[Instructions to follow] Output the entries in full and verbatim, pictures omitted.

[Listed entries]
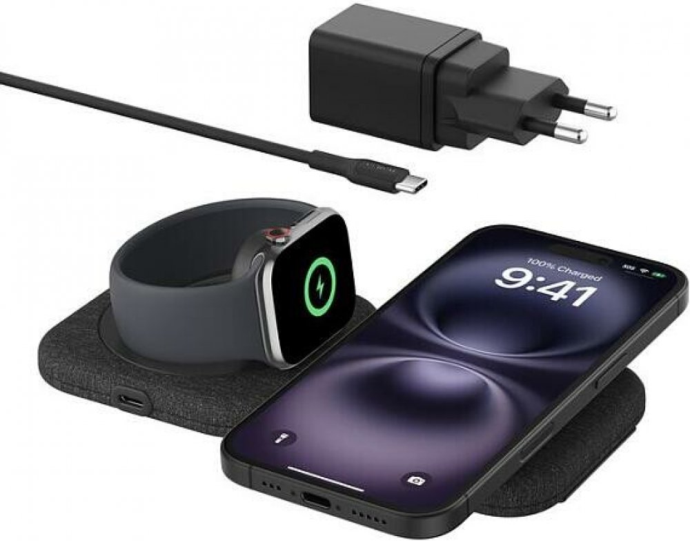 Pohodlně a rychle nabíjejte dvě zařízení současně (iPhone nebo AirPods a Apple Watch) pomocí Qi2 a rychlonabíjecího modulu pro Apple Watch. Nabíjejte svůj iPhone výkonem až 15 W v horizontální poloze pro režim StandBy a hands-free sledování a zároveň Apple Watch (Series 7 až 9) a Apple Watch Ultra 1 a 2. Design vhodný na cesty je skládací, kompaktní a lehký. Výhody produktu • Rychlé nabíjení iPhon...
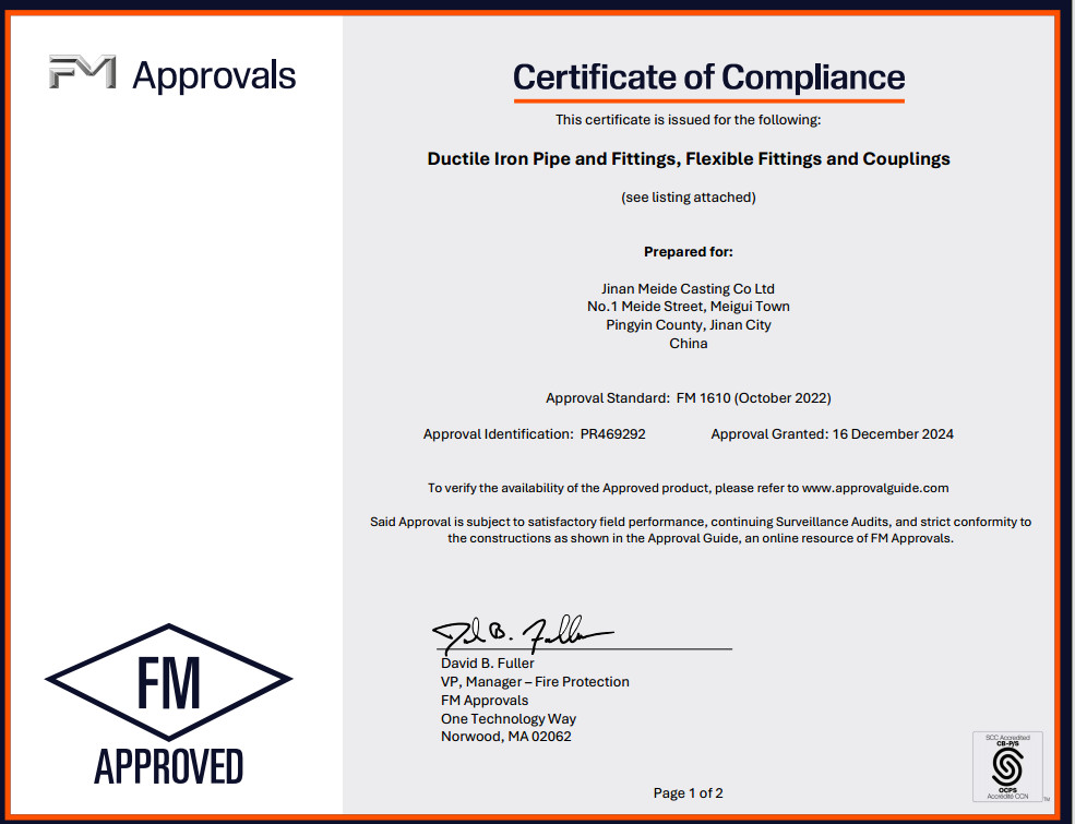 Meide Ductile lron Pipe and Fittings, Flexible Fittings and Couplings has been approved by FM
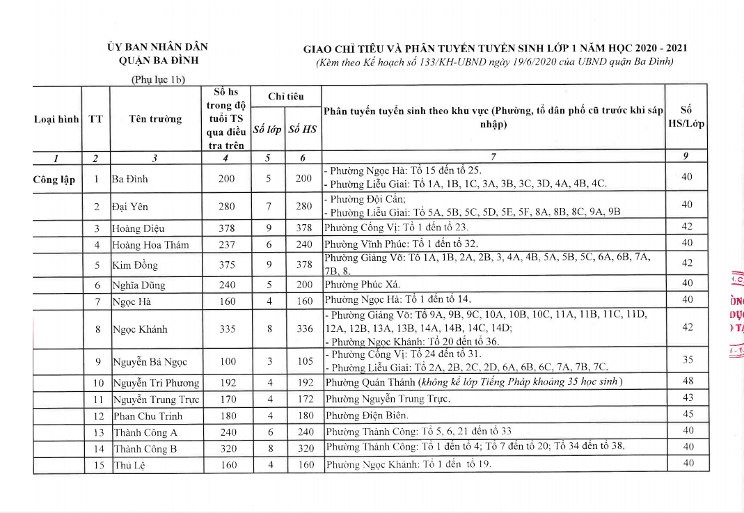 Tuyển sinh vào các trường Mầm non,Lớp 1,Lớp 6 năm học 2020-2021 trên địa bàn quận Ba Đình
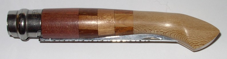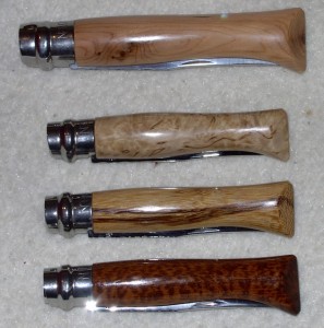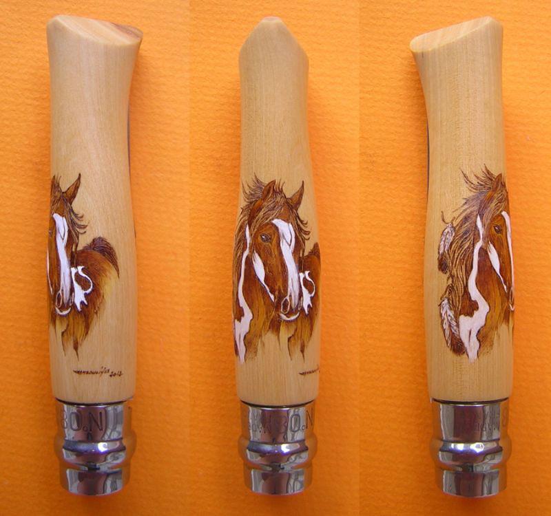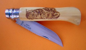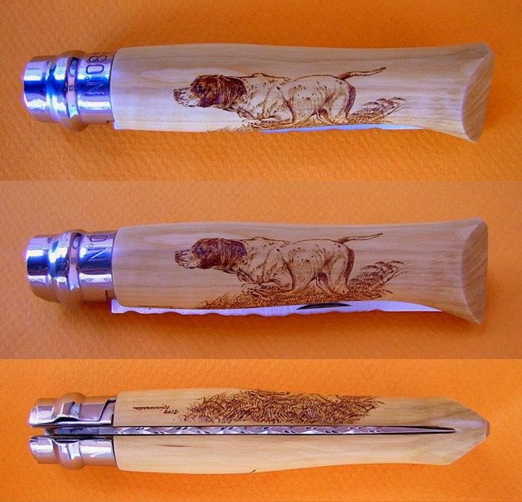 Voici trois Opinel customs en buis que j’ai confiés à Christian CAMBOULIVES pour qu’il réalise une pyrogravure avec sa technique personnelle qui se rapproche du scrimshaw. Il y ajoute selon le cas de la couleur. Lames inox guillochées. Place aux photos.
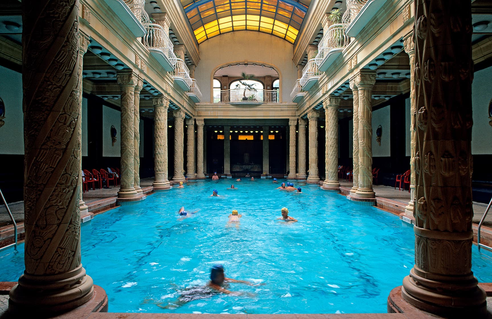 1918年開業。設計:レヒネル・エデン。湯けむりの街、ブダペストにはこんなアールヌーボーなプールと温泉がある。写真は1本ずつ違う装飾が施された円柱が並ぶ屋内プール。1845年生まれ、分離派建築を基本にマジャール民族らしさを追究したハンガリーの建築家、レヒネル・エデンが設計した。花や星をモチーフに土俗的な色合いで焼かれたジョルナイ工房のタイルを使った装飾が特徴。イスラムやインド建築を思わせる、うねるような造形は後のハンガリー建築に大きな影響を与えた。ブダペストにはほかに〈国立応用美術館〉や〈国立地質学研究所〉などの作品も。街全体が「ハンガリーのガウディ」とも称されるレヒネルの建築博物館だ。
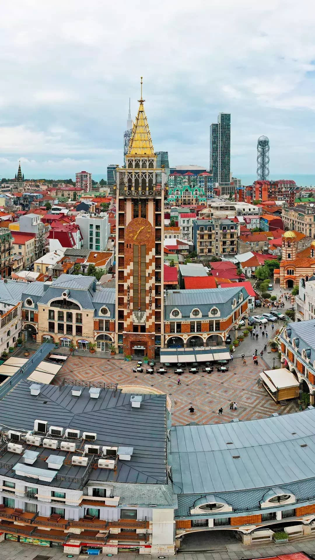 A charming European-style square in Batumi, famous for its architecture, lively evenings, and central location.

[Answer]
 Pohodlně a rychle nabíjejte dvě zařízení současně (iPhone nebo AirPods a Apple Watch) pomocí Qi2 a rychlonabíjecího modulu pro Apple Watch. Nabíjejte svůj iPhone výkonem až 15 W v horizontální poloze pro režim StandBy a hands-free sledování a zároveň Apple Watch (Series 7 až 9) a Apple Watch Ultra 1 a 2. Design vhodný na cesty je skládací, kompaktní a lehký. Výhody produktu • Rychlé nabíjení iPhon...
 Meide Ductile lron Pipe and Fittings, Flexible Fittings and Couplings has been approved by FM
 Tuyển sinh vào các trường Mầm non,Lớp 1,Lớp 6 năm học 2020-2021 trên địa bàn quận Ba Đình
 Voici trois Opinel customs en buis que j’ai confiés à Christian CAMBOULIVES pour qu’il réalise une pyrogravure avec sa technique personnelle qui se rapproche du scrimshaw. Il y ajoute selon le cas de la couleur. Lames inox guillochées. Place aux photos.
 1918年開業。設計:レヒネル・エデン。湯けむりの街、ブダペストにはこんなアールヌーボーなプールと温泉がある。写真は1本ずつ違う装飾が施された円柱が並ぶ屋内プール。1845年生まれ、分離派建築を基本にマジャール民族らしさを追究したハンガリーの建築家、レヒネル・エデンが設計した。花や星をモチーフに土俗的な色合いで焼かれたジョルナイ工房のタイルを使った装飾が特徴。イスラムやインド建築を思わせる、うねるような造形は後のハンガリー建築に大きな影響を与えた。ブダペストにはほかに〈国立応用美術館〉や〈国立地質学研究所〉などの作品も。街全体が「ハンガリーのガウディ」とも称されるレヒネルの建築博物館だ。
 A charming European-style square in Batumi, famous for its architecture, lively evenings, and central location.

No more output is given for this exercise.